In the client tnsnames.ora file, enter tcps as the PROTOCOL in the ADDRESS parameter. This specifies that the client will use TCP/IP with SSL to connect to the database that is identified in the SERVICENAME parameter. Also shows an entry that specifies TCP/IP with SSL as the connecting protocol in the tnsnames.ora file.
In the listener.ora file, enter tcps as the PROTOCOL in the ADDRESS parameter. Shows an entry that specifies TCP/IP with SSL as the protocol.
Note: The following alert is displayed when you select No: Security Alert Not enforcing the server X.509 name match allows a server to potentially fake its identity. Oracle recommends selecting YES for this option so that connections are refused when there is a mismatch. Select File, Save Network Configuration. The sqlnet.ora file on the client is updated with the following entries: SSLCLIENTAUTHENTICATION =TRUE walletlocation = (SOURCE= (METHOD=File) (METHODDATA= (DIRECTORY=walletlocation))) SSLSERVERDNMATCH=(ON/OFF).
8.6.3.4 Step 4: Set the Client SSL Cipher Suites (Optional) A cipher suite is a set of authentication, encryption, and data integrity algorithms used for exchanging messages between network entities. During an SSL handshake, two entities negotiate to see which cipher suite they will use when transmitting messages back and forth. When you install Oracle Advanced Security, the SSL cipher suites listed in are set for you by default. This table lists them in the order they are tried when two entities are negotiating a connection. You can override the default by setting the SSLCIPHERSUITES parameter. For example, if you use Oracle Net Manager to add the cipher suite SSLRSAWITHRC4128SHA, all other cipher suites in the default setting are ignored. You can prioritize the cipher suites.

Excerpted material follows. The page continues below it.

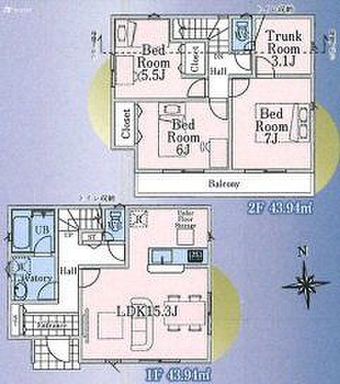 | 間取り | 3LDK 間取り内訳:リビングダイニングキッチン 15.3帖(1階)・洋室 7帖(2階)・洋室 6帖(2階)・洋室 5.5帖(2階) |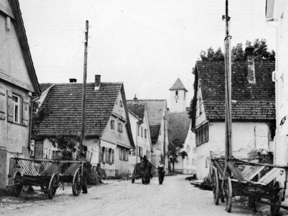 Die Bolbergstraße in einer alten Aufnahme. Die Häuser und der Turm sind verputzt. FOTO: DENKMALAMT

When the client negotiates with servers regarding which cipher suite to use, it follows the prioritization you set. When you prioritize the cipher suites, consider the following:. The level of security you want to use.
For example, triple-DES encryption is stronger than DES. The impact on performance. For example, triple-DES encryption is slower than DES.
Refer to for information about using SSL hardware accelerators with Oracle Advanced Security. Administrative requirements. The cipher suites selected for a client must be compatible with those required by the server. For example, in the case of an Oracle Call Interface (OCI) user, the server requires the client to authenticate itself. You cannot, in this case, use a cipher suite employing Diffie-Hellman anonymous authentication, which disallows the exchange of certificates.
You typically prioritize cipher suites starting with the strongest and moving to the weakest. Lists the SSL cipher suites supported in the current release of Oracle Advanced Security.
These cipher suites are set by default when you install Oracle Advanced Security. The table also lists the authentication, encryption, and data integrity types each cipher suite uses. 8.6.3.5 Step 5: Set the Required SSL Version on the Client (Optional) You can set the SSLVERSION parameter in the sqlnet.ora file.
This parameter defines the version of SSL that must run on the systems with which the client communicates. You can require these systems to use any valid version. The default setting for this parameter in sqlnet.ora is undetermined, which is set by selecting Any from the list in the SSL tab of the Oracle Advanced Security window. When Any is selected, TLS 1.0 is tried first, then SSL 3.0, and SSL 2.0 are tried in that order. Ensure that the client SSL version is compatible with the version the server uses. To set the required SSL version for the client:. In the Require SSL Version list, the default setting is Any.
Toad For Oracle Trial Version
Accept this default or select the SSL version you want to configure. Select File, Save Network Configuration. The sqlnet.ora file is updated. If you selected Any, then it is updated with the following entry: SSLVERSION=UNDETERMINED.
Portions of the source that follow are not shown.